§ DATASET:
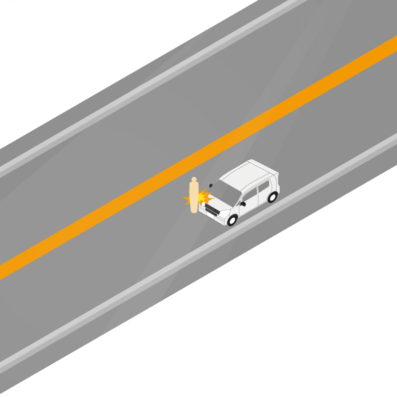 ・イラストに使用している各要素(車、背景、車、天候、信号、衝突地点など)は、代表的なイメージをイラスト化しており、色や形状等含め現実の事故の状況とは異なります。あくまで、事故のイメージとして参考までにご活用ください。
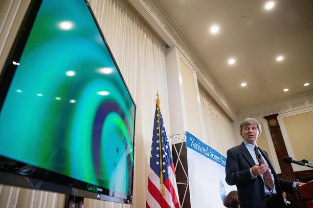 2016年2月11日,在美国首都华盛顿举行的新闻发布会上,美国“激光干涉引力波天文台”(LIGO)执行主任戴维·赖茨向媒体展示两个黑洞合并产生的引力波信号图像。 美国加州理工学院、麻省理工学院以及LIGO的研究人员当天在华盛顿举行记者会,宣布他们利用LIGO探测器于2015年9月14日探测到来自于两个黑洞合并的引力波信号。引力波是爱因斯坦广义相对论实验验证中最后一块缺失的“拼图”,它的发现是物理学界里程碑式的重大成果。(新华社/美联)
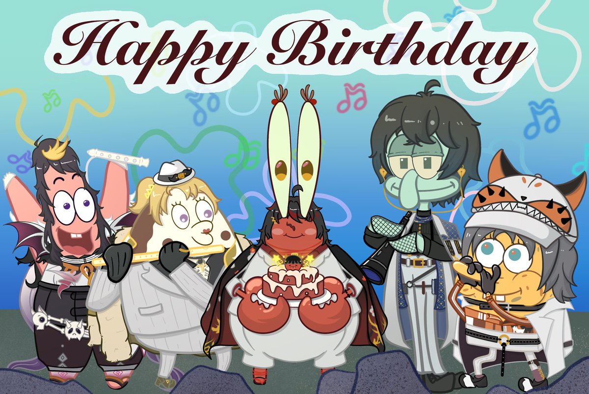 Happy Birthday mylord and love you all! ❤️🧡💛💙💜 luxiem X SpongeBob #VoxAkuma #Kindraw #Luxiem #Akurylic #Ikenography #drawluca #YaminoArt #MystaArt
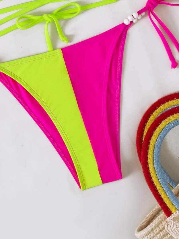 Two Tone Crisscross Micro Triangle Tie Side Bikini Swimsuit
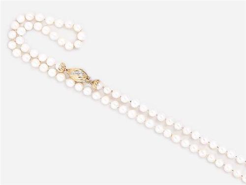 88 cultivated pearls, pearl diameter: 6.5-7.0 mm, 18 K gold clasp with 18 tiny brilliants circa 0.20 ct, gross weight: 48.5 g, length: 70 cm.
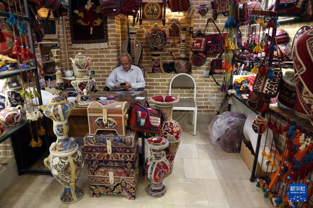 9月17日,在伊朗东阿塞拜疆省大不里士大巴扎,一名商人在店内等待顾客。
...
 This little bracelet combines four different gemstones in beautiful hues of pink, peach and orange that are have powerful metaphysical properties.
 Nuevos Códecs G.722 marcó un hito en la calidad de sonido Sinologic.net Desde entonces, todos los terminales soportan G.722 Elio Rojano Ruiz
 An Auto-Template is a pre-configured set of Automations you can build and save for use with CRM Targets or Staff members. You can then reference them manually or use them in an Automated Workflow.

§ YOUR ASSIGNMENT: Reproduce only the lines above spanning from the line containing "Nuevos Códecs G.722" through the line containing "An Auto-Template is", word for word.

§ TASK SOLUTION:
 Nuevos Códecs G.722 marcó un hito en la calidad de sonido Sinologic.net Desde entonces, todos los terminales soportan G.722 Elio Rojano Ruiz
 An Auto-Template is a pre-configured set of Automations you can build and save for use with CRM Targets or Staff members. You can then reference them manually or use them in an Automated Workflow.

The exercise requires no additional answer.